A new project to study early folding events in apomyoglobin

In a new NSF-funded collaboration, the Voelz Lab is working with the Roder Lab at Fox Chase Cancer Center to study early folding events in apomyoglobin.

Apomyoglobin (myoglobin without the heme group) is an extremely well-studied protein. In fact, mygolobin was the first protein to have its structure solved by x-ray crystallography (John Kendrew, 1958). At low pH, apomyoglobin assumes a “molten globule” state that is compact and only partially structured. Seminal experiments by Jennings and Wright (1993) showed that when apomyoglobin folds at normal pH, it goes through an early intermediate that closely corresponds to the low-pH molten globule state.

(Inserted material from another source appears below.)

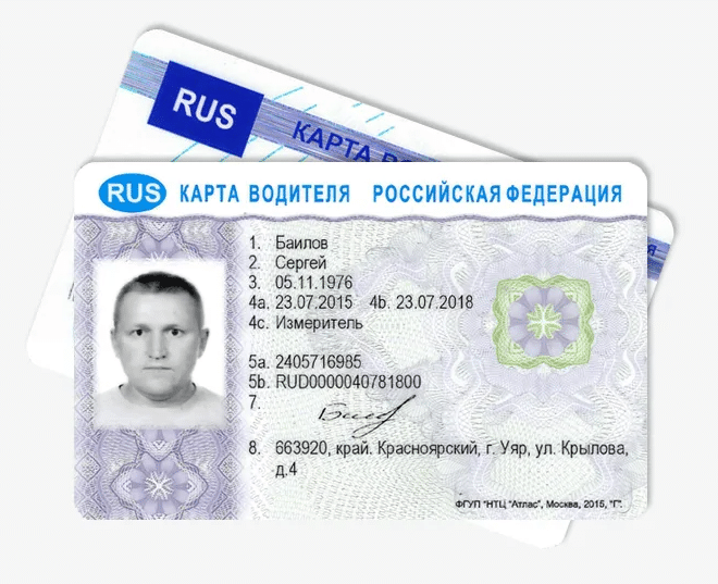 Это персональный пластиковый носитель, на котором записывается информация о перемещениях транспортного средства и действиях водителя на протяжении рабочей смены. По ней производится распознавание пользователя, допущенного к управлению ТС и к работе с контрольным прибором. На карте имеется фото владельца, его данные и сведения об организации-работодателе. Карта выдается только лично водителю.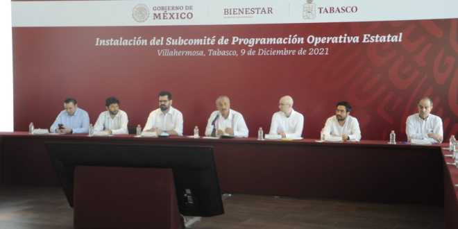 El gobernador Carlos Manuel Merino Campos encabezó la instalación del Subcomité de Programación Operativa Estatal de Tabasco de Programas para el Bienestar, que durante 2022 dispersarán en el estado poco más de 12 mil millones de pesos en pensiones y apoyos directos para los sectores más vulnerables, esto es, 2 mil millones más que en 2021.

Now, more recent experiments from the Roder lab have revealed even more details of early folding events in myoglobin (Xu et al. 2012). Using Trp fluorescence spectroscopy in a continuous-flow fast mixer, the Roder lab have resolved the formation of up to four different conformational states, on timescales ranging from microseconds to milliseconds.

The Voelz Lab is working toward using molecular simulation to characterize these conformational states in atomic detail. Both the size of the protein (153 residues) and the timescale of early folding (~200 µs) make this a challenging problem to tackle, but we hope that simulations on Folding@home (coming soon!) combined with Markov State Model approaches will enable us to construct a highly detailed model of the early folding reaction, and new level of quantitative connection between simulations and experiments. In the years to come, this work will lead to new ways to combine computation and experiment to understand and fight human diseases.